Essentially, if you are not looking at your phone, it is locked; if it detects you, it unlocks. If it can distinguish between you and another person, it can automatically lock the phone or prevent sensitive information or notifications from being displayed on the screen.

Qualcomm compares the always-on camera to the always-on microphones that have been a part of our smartphones for years. These are used to listen for voice commands like “Hey Siri” or “Hey Google” (or, more appropriately, “Hi Bixby”) and then wake up the phone and respond without you having to touch or pick it up.

However, the critical distinction is that they listen for specific wake words and are frequently limited in their capabilities until you pick up and unlock your phone. It’s a little different when it’s a camera that’s constantly on the lookout for your likeness.
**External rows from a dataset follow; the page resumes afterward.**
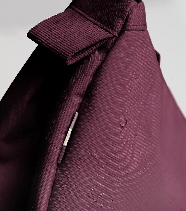 Wasserabweisend durch eine innovative und umweltfreundliche organische Polyurethan-Beschichtung, die den Inhalt der Tasche vor Nässe schützt.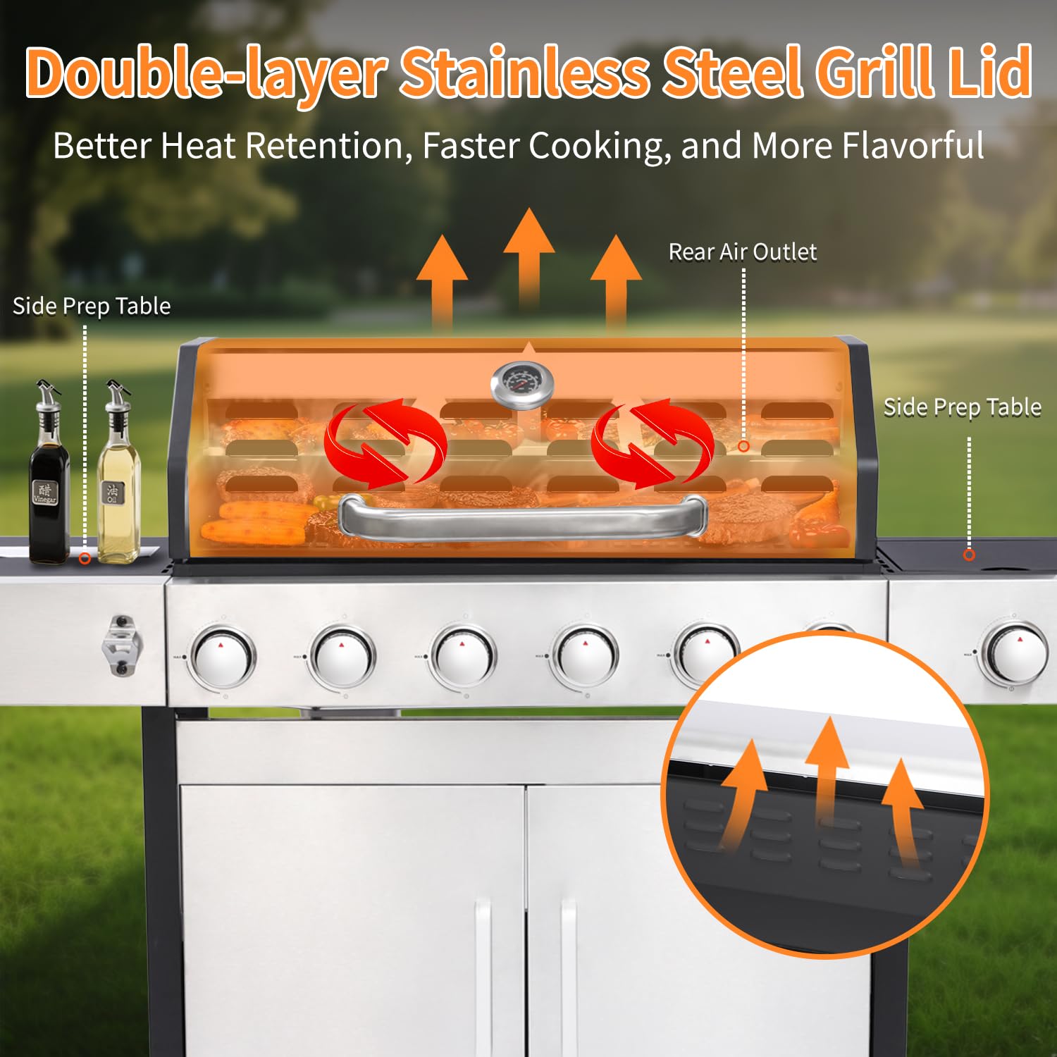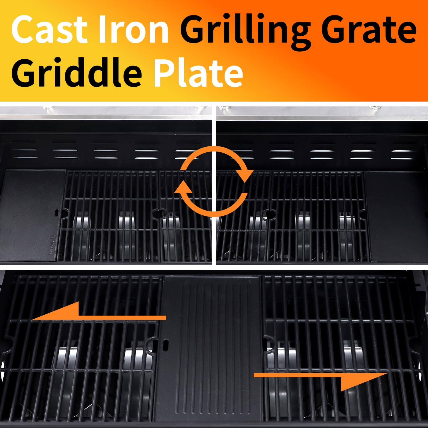 Ultimate Grilling for Crowd-Pleasing BBQs - Feast mode activated! Our expanded cooking zone combines a premium cast iron grate for perfect sear marks, a stainless steel heat distributor for even cooking, PLUS an added griddle plate - because pancakes deserve a spot at the backyard party too. Perfect for hosting game day feasts or summer family reunions.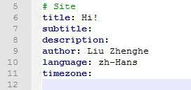 在 hexo 目录下修改配置文件 _cofig.yml,将 language 改为 zh-Hans(简体中文)。

Authentic, innovative home products already include similar functions. When you approach Google’s Nest Hub Max, the camera recognizes your face and greets you with personal information such as your schedule. Home security cameras and video doorbells are always on, scanning for movement or even individual faces. However, such devices are located in your home, are not constantly carried with you wherever you go, and do not often keep your most private information, as your phone does.
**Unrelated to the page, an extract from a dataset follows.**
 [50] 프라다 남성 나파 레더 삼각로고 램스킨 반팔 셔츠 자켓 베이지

Additionally, they usually include features such as physical shutters that allow you to block the camera or intelligent modes that will enable you to disable recording when you’re home and resume it when you’re not. It’s difficult to see any phone manufacturer equipping their small and beautiful flagship smartphone with a physical shutter.

Finally, several cases of security breaches and social engineering hacks enable intelligent home cameras to operate when they are not supposed to and then transmit the feed to remote servers without the homeowner’s awareness. While modern smartphone operating systems can alert you when an app attempts to access your camera or microphone while you’re using the device, it’s unclear how they’d caution you to a rogue app accessing the always-on camera.

Heape stated that the data from the always-on camera never leaves the secure sensing hub while it is scanning for faces, meaning that the data is not transferred to the cloud and will be inaccessible to phone apps.

According to another Qualcomm Technologies vice president of product management, Ziad Asghar, consumers will also be able to stop the always-on camera feature and maybe even choose which capabilities they want to employ. He stated that the consumer has the option of selecting what is enabled and what is not.

Additionally, smartphone makers likely using the Snapdragon 8 Gen 1 will not enable this capability because Qualcomm does not manufacture the smartphones in which its chips are installed (apart from the one-off novelty that is not commonly purchased).

Firms like Samsung, OnePlus, and Xiaomi can tailor which functions are activated and disabled on their phones. Several of those firms already eschew Qualcomm’s image processing components in favor of their own — it’s not difficult to imagine them simply ignoring privacy concerns and omitting this feature as well.